Remus said again “Yessir.”
“I suppose that’ll be all, then, unless – ”
From across the table James shot a hand up for possibly the first time in his life and when Dumbledore acknowledged him he turned cherry red. “Professor, Headmaster sir. I meant to ask – well. It’s nearly Christmas.”
When Remus emerged red-faced and hacking ash-black coughs from the fire Lily was holding a sopping wet owl by one foot as its shaking feathers scattered rainwater, struggling to untie the parchment bound there containing at least one sleepless night’s worth of translation work.
--
Indeed Remus did not sleep at all that night, and likely he wouldn’t have even if not for the runes. The moon was low and white against the sea and waxing, tugging hard at the grist of him. His joints ached and he was ravenous with hunger and even as he yearned for sleep something else screamed in his gut to run outside in the windy wet grass – stalk the indignant birds and suck the juice from their eggs. Chase the surf against the far beach and the spray against the rocks. But instead he sat at the desk working in wandlight with his battered Herr’s Runeography as Lily slept.

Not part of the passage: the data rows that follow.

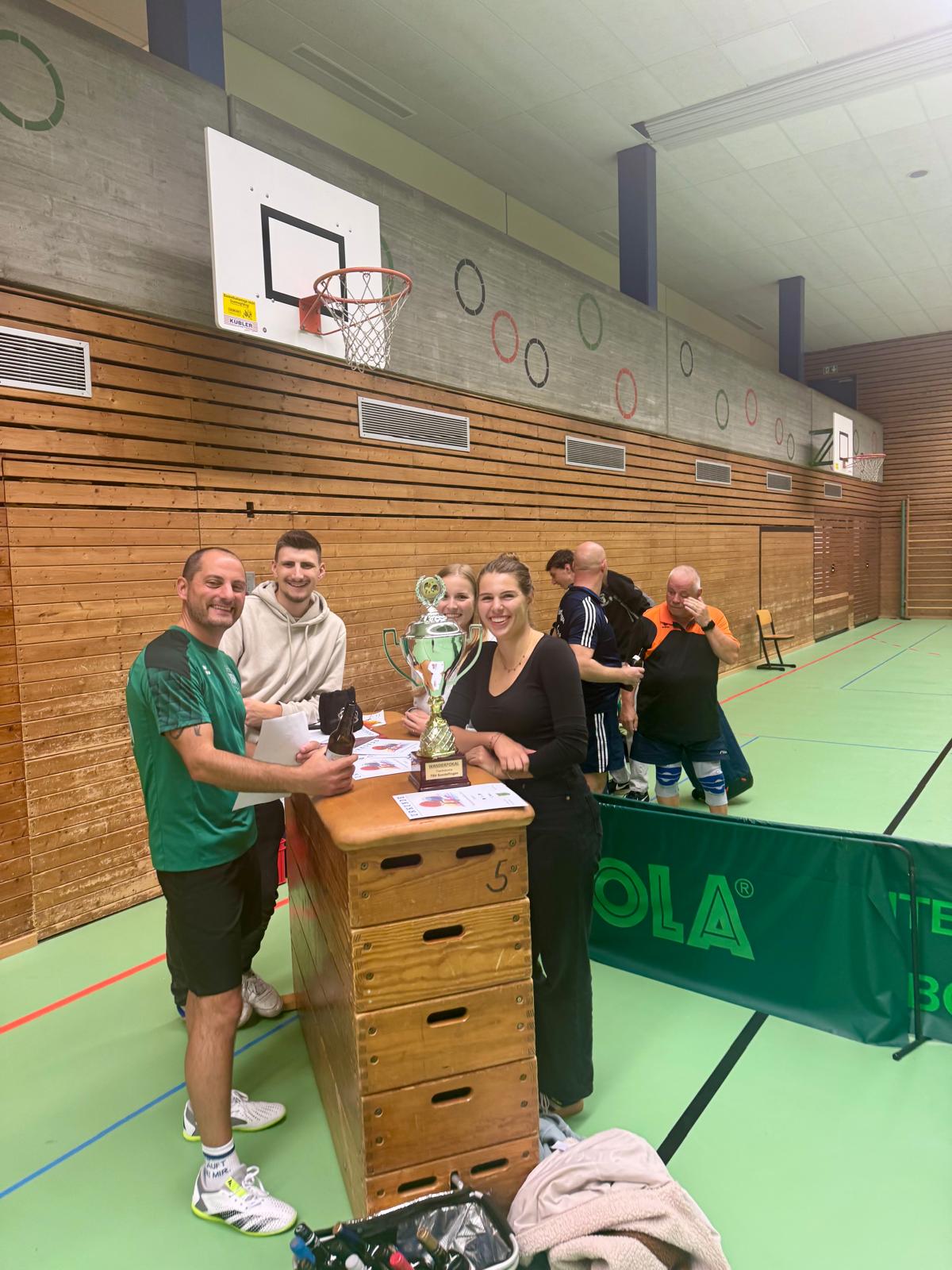 Die gab es aber nicht nur für die Gewinner der Doppel-Wettbewerbe, sondern auch für ein paar „Sonderziele“ rund um das Turnier. Neben den spielerischen Erfolgen hat hier der TSV den Hauptpreis in der Kategorie „größte und stimmungsvollste“ Truppe abgeräumt.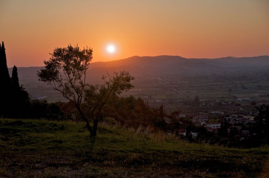 For anyone who cares to know, I got my first meal of the day. I took this picture while sitting at our table at the Best Western and eating lamb and potatoes. This all happened just in time, as the folks damn near killed me off today. When I get hungry, I get mean, but this can easily be avoided. At the completion of my one meal today, I was able to catch a nice sunset over the plains around Olympia. Tomorrow we go to Delphi to see the site of the ancient oracle. It’s a long drive, but as long as I get fed, I’m sure it will be ok.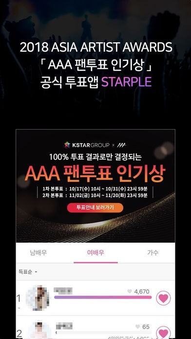 STARPLE - 2018 AAA 공식투표 앱のスクリーンショット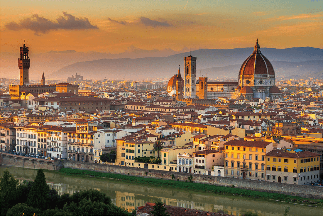 アルノ川とヴェッキオ宮殿の見える夕景プッチーニが書いた唯一の喜劇オペラ《ジャンニ・スキッキ》は1299年のフィレンツェを舞台にしています(新国立劇場の粟國淳演出のプロダクションは1950年代に時代を移しています)。台本作家のジョヴァッキーノ・フォルツァーノはフィレンツェ出身で日頃から、この町で生まれた詩聖ダンテの『神曲』を愛読していました。プッチーニが《三部作》の三作目に喜劇的なオペラを必要とした時に、『神曲』の中のこのエピソードを提案したそうです。ダンテは1265年に生まれ1301年に政争でこの町を追放されるまでフィレンツェの市政の中心で活躍していました。当時のフィレンツェは、サンタ・マリア・デル・フィオーレ大聖堂が数年前に着工し、政庁舎となるヴェッキオ宮殿はまさに1299年に建設が始まったばかりでした。このオペラの中で若いカップルのリヌッチョとラウレッタはそれぞれがフィレンツェにまつわる美しいアリアを歌いますが、特にリヌッチョの「フィレンツェは花咲ける木のごとく」は、シニョーリア広場、アルノ川、サンタ・クローチェ広場、アルノルフォ、ジョット、メディチ家などを列挙して、フィレンツェがいかに活気にあふれた素晴らしい町かを歌っています。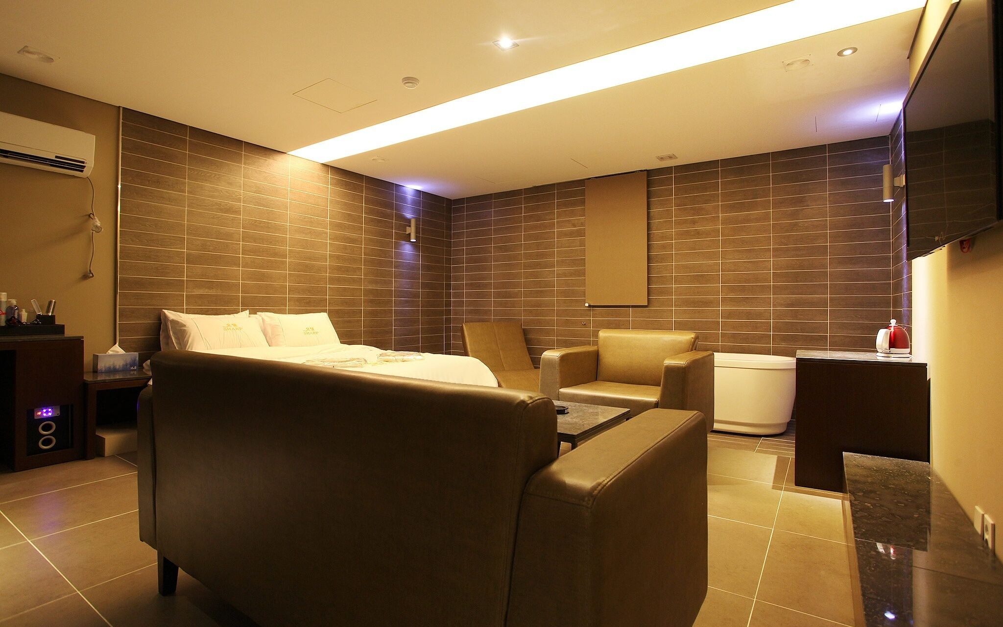 - "When I got there I figured that it is basically a love hotel. I went there with a family so I was a little concerned. However, when I got in the room, it was surprisingly large and luxurious for the price. There was a massage chair and the room was very spacious. Big TV, PC, internet, etc." - "We stayed for 5 nights and had a pleasant stay. It’s a modern motel situated on 8th-12th floor of a big building (Starbucks on 1st floor). Room is big, comfortable and has a nice design. Roomy bathroom with excellent rain shower. If you have noisy neighbors, you will hear every sound. It happened only 1 of 5 nights. Staff speaks no English. Motel is a few minutes walk from Yuseong Spa Station and bus stops to Gyeryongsan NP (bus 107) and Daejeon Terminal Complex (bus 102) and 5 minutes walk to Yuseong Intercity Bus Terminal (handy for visits to Buyeo, 3 direct buses a day). Walking distance to ‘foot bath experience’ and area with many restaurants. We highly recommend a visit to a jjimjilbang and sauna too. We went to Bulgama, next to Stendhal Hotel. Recommended."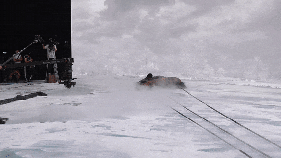 其实主要难在方案设计上,怎么在一个冰面上做出一个深坑,深坑里边还要蓄水,而且整个冰面一开始是完好的,人打着的时候还能掉下去。这个里边涉及到很多工程建筑方案,比如怎么用威亚把人拉进水,LED屏幕怎么配合它。以前这种戏放在虚拍都不太可能,因为动作戏太多,难点太多,又有水又有冰。所以我们虚拍整体解决方案就可以很好的解决这个难题,现在国内很少有人能做到这种程度。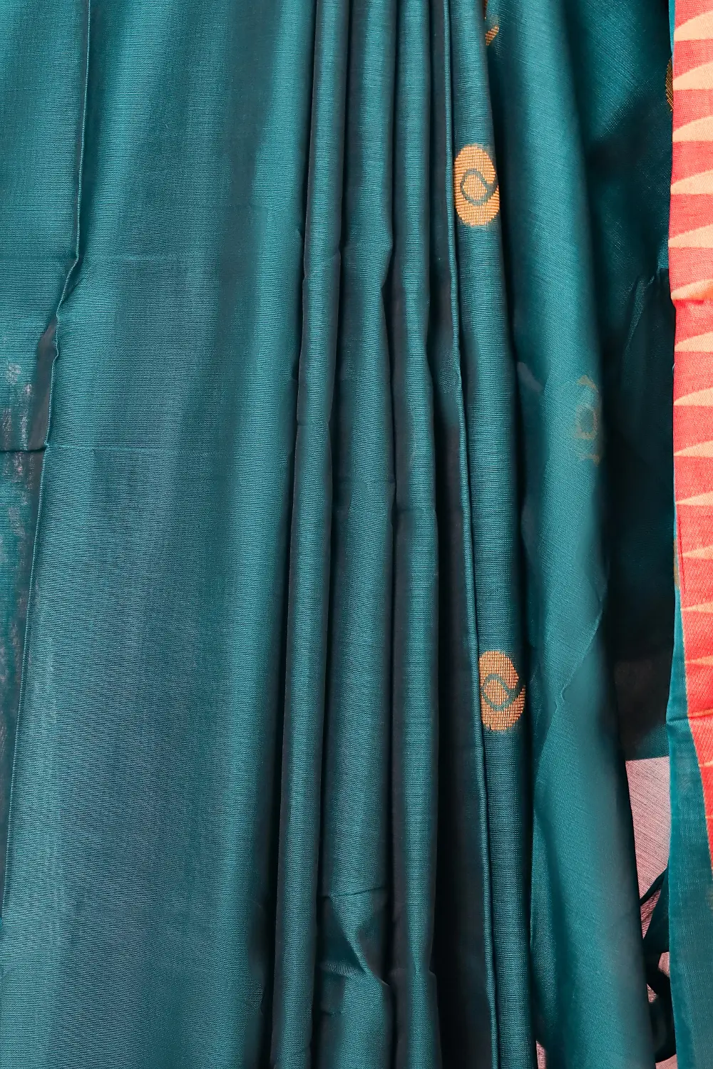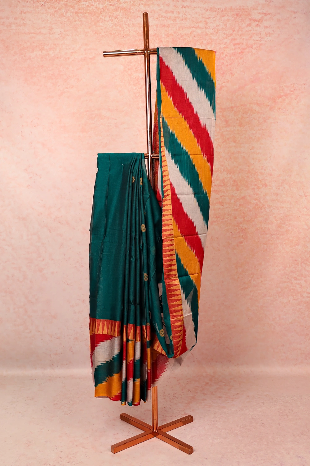 Green Cotton Plain Body Saree with Pochampally border. Includes Unstitched Blouse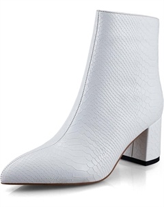 Женские модные ботильоны с низким массивным каблуком, заостренным носком, из искусственной кожи под змеиную кожу, удобные для торжественных случаев, White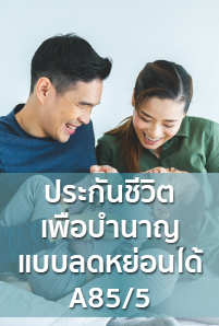 ประกันชีวิตเพื่อบำนาญแบบลดหย่อนได้ A85/5 เป็นตัวช่วยที่ตอบโจทย์ให้เรามีเงินบำนาญไว้ใช้ในวัยเกษียณ เพราะมีเงินคืนให้ทุกปี ปีละ 20% ของทุนประกัน ตั้งแต่อายุ 55 - 85 ปี เช่น ต้องการเงินบำนาญหรือเงินคืนปีละ 1 แสนบาท ก็ทำทุนประกัน 5 แสนบาท เพื่อให้ได้รับเงินคืนปีละ 1 แสนบาท ตั้งแต่อายุ 55 - 85 ปี รวมเงินคืน 3.1 ล้านบาท (ค่าเบี้ยปีละ 258,080 บาท กรณีเพศชาย อายุ 35 ปี)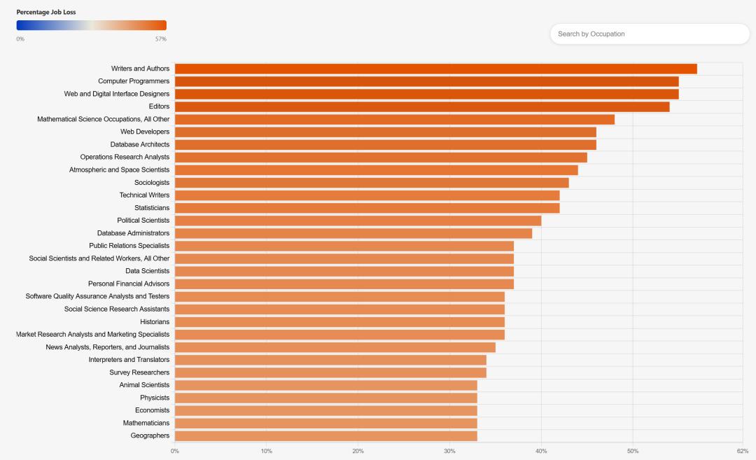 具体到职业,作家的岗位替代率高达57%,程序员和网页设计师双双达到55%。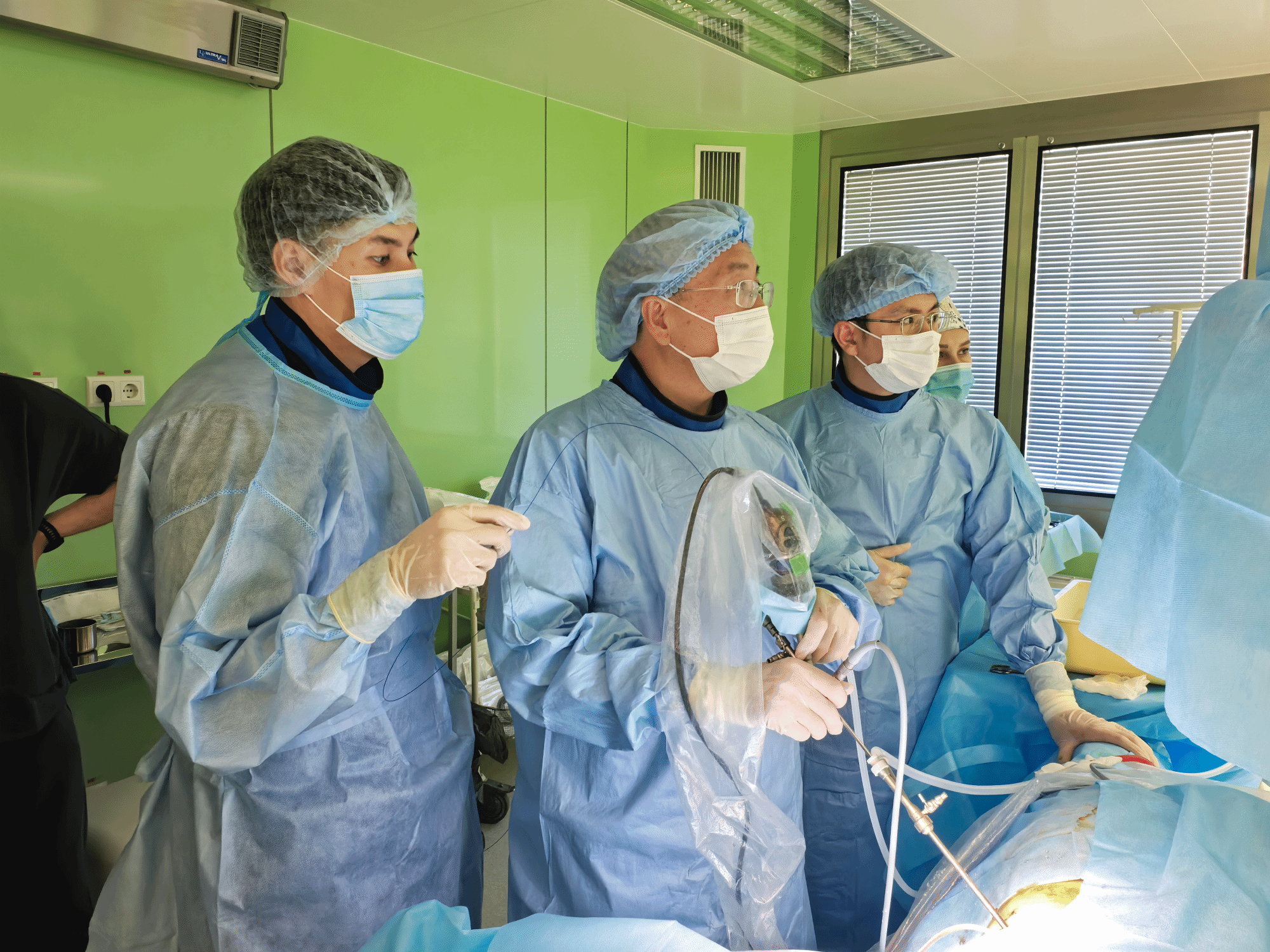 揭牌当日,由国际尿石症联盟主席、我校曾国华教授领衔的专家团队,启动首期“泌尿外科微创技术国际标准化培训”。通过“三维建模手术预演+模拟人操作培训+现场直播示范手术”的创新教学模式,为来自哈萨克斯坦全国各地的32名泌尿外科骨干医师提供系统培训。

He got through half the translation then set it aside and wrote to Sirius.
I liked that tape. I think I’ve heard Bo Diddley do “Mannish Boy.” Come to think of it you probably played that for me in school. Probably on someone’s 17th birthday in which case I was too drunk / stoned / both to recall much detail about it. I don’t know if you ever told me how you got into American music? I would like to hear that story. It’s funny to think. I got into folk music because when I was a kid my mum would take me with her to buy vinyl at rummage sales and it was always sad looking women singing old English folk songs. Then we would sit together and listen to it and she would make tea. We did this early in the day when as you know etc etc and after that we did not ever really do it – perhaps a lot of this for me is about nostalgia and like, trying to get my fingernails under the before-time – like, to prove there was a before-time. It makes me calm, and an almost kind of good sad – I wouldn’t know how to talk about it with anyone. I think you can hear the feeling in the music but perhaps that’s just me.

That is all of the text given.